Doi : 10.1016/j.jaad.2019.01.012 
Lauren C. Strazzulla, BA a, Xiaoxue Li, PhD b, c, Kathleen Zhu, BA d, Jean-Phillip Okhovat, MD, MPH e, Sandra J. Lee, ScD b, c, Caroline C. Kim, MD f,
a Ronald O. Perelman Department of Dermatology, New York University School of Medicine, New York, New York 
b Department of Biostatistics and Computational Biology, Dana-Farber Cancer Institute, Boston, Massachusetts 
c Department of Biostatistics, Harvard T.H. Chan School of Public Health, Boston, Massachusetts 
d University of Massachusetts Medical School, Worcester, Massachusetts 
e Department of Dermatology, Stanford University Medical Center, Stanford University School of Medicine, Palo Alto, California 
f Pigmented Lesion Clinic and Cutaneous Oncology Program, Department of Dermatology, Beth Israel Deaconess Medical Center, Harvard Medical School, Boston, Massachusetts 

Correspondence to: Caroline C. Kim, MD, Beth Israel Deaconess Medical Center, Department of Dermatology, 330 Brookline Ave, Shapiro 2, Boston, MA 02215.Beth Israel Deaconess Medical CenterDepartment of Dermatology330 Brookline Ave, Shapiro 2BostonMA02215

Abstract

Background

Amelanotic malignant melanoma (AMM) is challenging to diagnose. Clinical risk factors for AMM are not well defined.

Objective

To investigate clinicopathologic, misdiagnosis, and survival differences between patients with AMM and those with pigmented malignant melanoma (PMM).

Methods

A cross-sectional retrospective medical record review at a tertiary academic medical center.

Results

A total of 933 patients with melanoma with known presenting tumor color were identified (342 with AMM vs 591 with PMM). AMM was associated with older age, history of nonmelanoma skin cancer, and red hair, whereas AMM was inversely associated with a family history of melanoma, more than 50 nevi, and a history of dysplastic nevi. Compared with PMM, AMM was more likely to be located on the head and/or neck, had more aggressive pathologic features (greater Breslow depth and/or mitoses, ulceration, nodular subtype), and was less likely to be associated with a precursor nevus or regression. Finally, patients with AMM were more likely to be misdiagnosed than were patients with PMM (25% vs 12% clinically and 12% vs 7% pathologically), and they had poorer melanoma-specific survival (5-year overall survival rate, 0.77 [95% confidence interval, 0.72-0.82] vs 0.84 [95% confidence interval, 0.80-0.87]).

Limitations

Retrospective study design, single-institutional study.

Conclusion

Greater clinician awareness, lower biopsy thresholds, and increased patient education may be useful to enhance AMM detection in patients with certain characteristics.

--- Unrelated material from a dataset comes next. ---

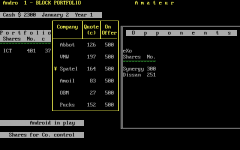 Features include buying and selling shares, company reviews, takeover bids, money market, gain control of your chosen company, fines, reviews, insurance and taxation, World Bank loans, and graphic presentation to ensure your Broker's envy.
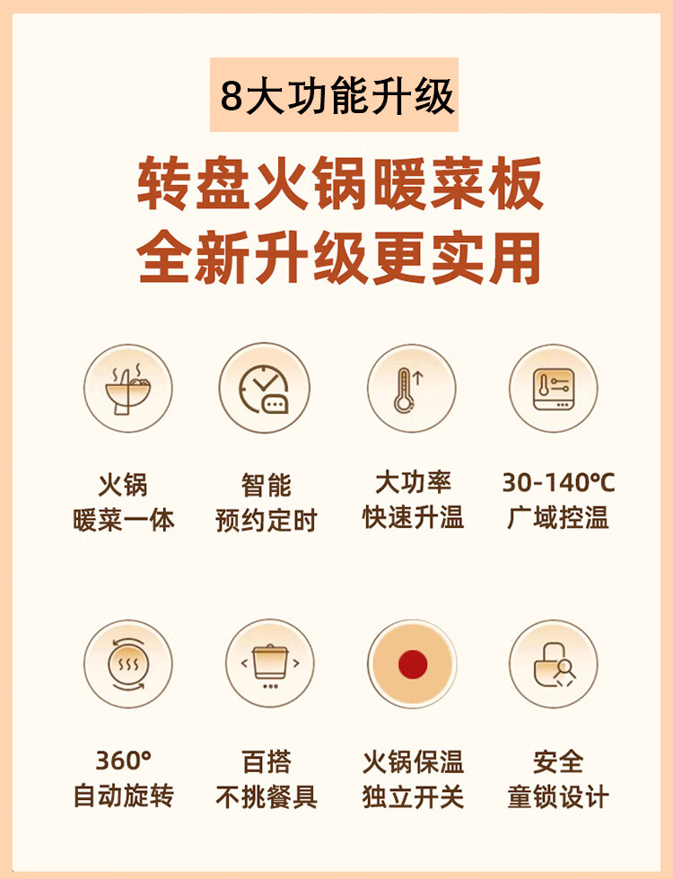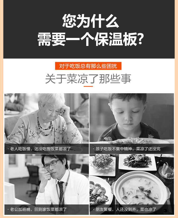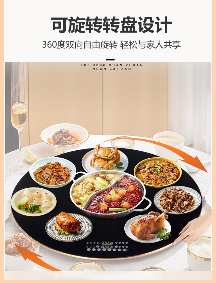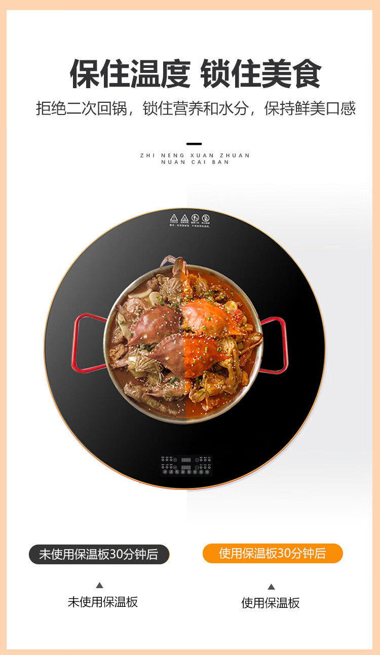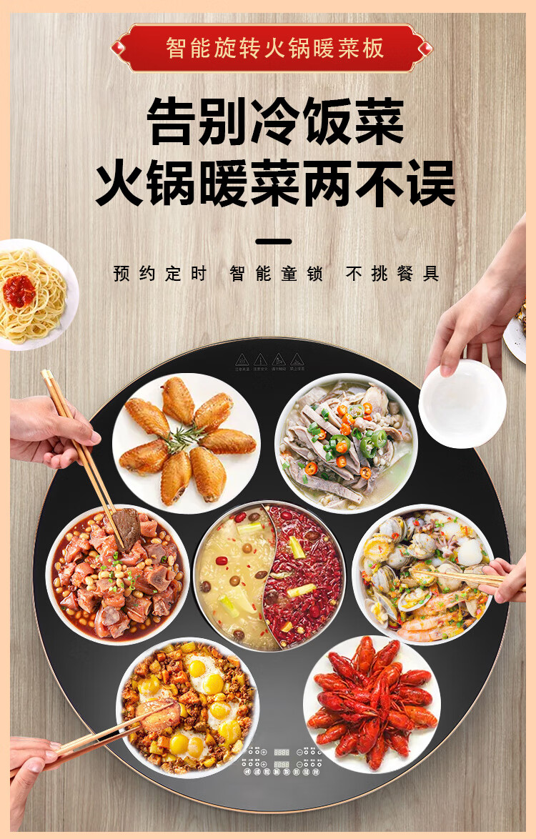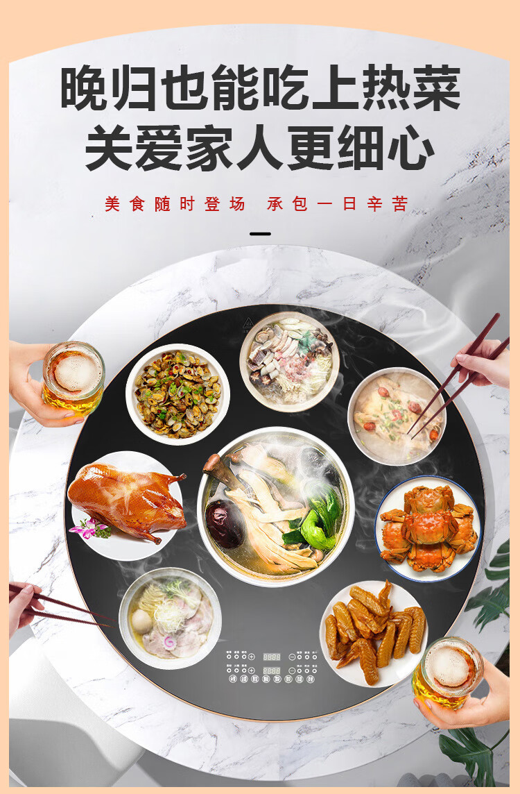 客家好太太80CM 保温暖菜板火锅+智能电动旋转饭菜保温板热菜板加热旋转餐桌 80cm自动旋转火锅款(白岩纹) 80cm 80

Le texte complet de cet article est disponible en PDF.

Key words : amelanotic, MC1R, melanoma, red hair, risk factors

Abbreviations used : AMM, CI, DN, FH, NMSC, OR, PMM, UV


Plan


 Funding sources: Supported in part by a grant from the National Cancer Institute of the National Institutes of Health (R21CA182241) (to Dr Li, Dr Lee, and Dr Kim).
 Conflicts of interest: None disclosed.
 Reprints not available from the authors.


© 2019  American Academy of Dermatology, Inc.. Publié par Elsevier Masson SAS. Tous droits réservés.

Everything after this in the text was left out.